Son coup de force en Crimée s’est appuyé sur l’appareil de Ianoukovytch et sur l’extrême droite « eurasienne » pour marquer un nouveau rapport de forces dans les négociations internationales. Mais il n’est pas sûr que Poutine contrôle les forces séparatistes d’Ukraine et les dynamiques porteuses de dangers, au-delà des gains de court terme : l’Azerbaïdjan a rejoint les critiques contre l’annexion de la Crimée qui n’est pas pour rassurer les voisins que Moscou voudrait associer.
6. Impérialismes occidentaux
La chute du Mur de Berlin était acceptée par Gorbatchev dans le contexte du « désengagement soviétique » : abaisser le coût de la course aux armements et gagner les crédits occidentaux étaient sa priorité. Dans les négociations entreprises en Allemagne, il avait prôné la dissolution des deux blocs militaires ; puis il avait dû accepter l’entrée de l’Allemagne réunifiée dans l’OTAN, moyennant l’engagement des États-Unis qu’aucune troupe ou arme étrangères ne seraient stationnées à l’Est et que l’OTAN ne s’étendrait pas davantage.
Mais l’impérialisme étatsunien a fait le choix d’élargir l’OTAN à la Hongrie, la Pologne et la République tchèque en 1999, puis à la Bulgarie, l’Estonie, la Lituanie, la Lettonie, la Roumanie, la Slovénie et la Slovaquie en 2004, ainsi que l’Albanie et la Croatie en 2009.
Et les forces « pro-occidentales » des « révolutions de couleurs » en Géorgie (2003) et en Ukraine (2004), puissamment soutenues par les États-Unis, avaient demandé leur intégration à l’OTAN et à l’UE.
Cette-dernière était pourtant divisée quant aux rapports à la Russie. En témoignaient les liens directs que l’Allemagne (ou l’Italie) avait préféré nouer avec Moscou pour son approvisionnement en pétrole.
En 2009, les dirigeants polonais soutenus par la Suède, ont prôné un « Partenariat oriental » de l’UE – à défaut de nouveaux élargissements, il s’agissait d’un accord « complet et approfondi de libre-échange » avec tous les anciens pays de l’ex-URSS limitrophes de l’UE – dont l’Ukraine.

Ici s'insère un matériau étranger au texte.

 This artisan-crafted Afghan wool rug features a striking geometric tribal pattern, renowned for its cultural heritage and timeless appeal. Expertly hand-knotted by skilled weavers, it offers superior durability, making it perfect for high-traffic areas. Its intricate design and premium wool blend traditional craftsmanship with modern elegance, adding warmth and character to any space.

La Russie réagit par le projet d’Eurasie offert aux mêmes pays avec l’objectif d’une redéfinition des rapports continentaux, où la Russie serait un pôle dominant, mais aussi un contrepoids aux exigences de l’UE.
Iakounovytch, alors que l’Ukraine était au bord de la cessation de paiement, négocia jusqu’en 2013 des accords avec l’UE, sous pression de la Russie et du FMI. Il demanda des rencontres tripartites (Ukraine, Russie et UE) alors refusées par cette dernière. Aujourd’hui, les États impérialistes occidentaux cherchent un accord avec la Russie – en dépit des grands discours. Aucun d’eux, pas plus que le gouvernement de Kiev, ne maîtrise les affrontements sur le terrain qui peuvent dégénérer en véritable guerre civile.

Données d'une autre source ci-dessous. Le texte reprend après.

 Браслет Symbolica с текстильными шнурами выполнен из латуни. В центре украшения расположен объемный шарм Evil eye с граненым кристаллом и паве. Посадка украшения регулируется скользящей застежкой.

7. Souveraineté de l’Ukraine
L’unité de l’Ukraine passe par la neutralité militaire, le retrait des troupes russes, le refus des politiques antisociales.

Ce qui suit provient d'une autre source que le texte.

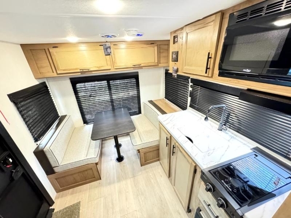 The slide-out creates more interior room, giving you space to relax, dine, or work remotely. The dinette also converts into an additional sleeping area for guests or pets.

Seul un front anti-guerre et anti-fasciste (ukrainien et international) contre les forces réactionnaires de tous bords, enraciné dans les populations, peut l’imposer, contre les diktats impérialistes russes et occidentaux, en défense de droits sociaux et nationaux, contre les violences.
Ce sont des objectifs que les forces progressistes de la Russie à l’UE défendront contre le FMI et les accords de « libre-échange » – en reconnaissant le droit du peuple ukrainien de décider de ses liens internationaux.
La question nationale est au centre de l’activité politique en Ukraine. Comme le dit l’Opposition de gauche : « La renaissance nationale et culturelle de la nation ukrainienne et des autres nations de notre pays n’est pas possible sans que les problèmes sociaux soient résolus ». En Ukraine, une gauche qui laisserait la dimension nationale aux nationalistes se condamnerait d’avance à un échec, car dans le camp nationaliste il y a déjà des courants montants qui, profitant de la marginalité de la gauche socialiste, prétendent apparaître aux yeux des travailleurs comme une alternative.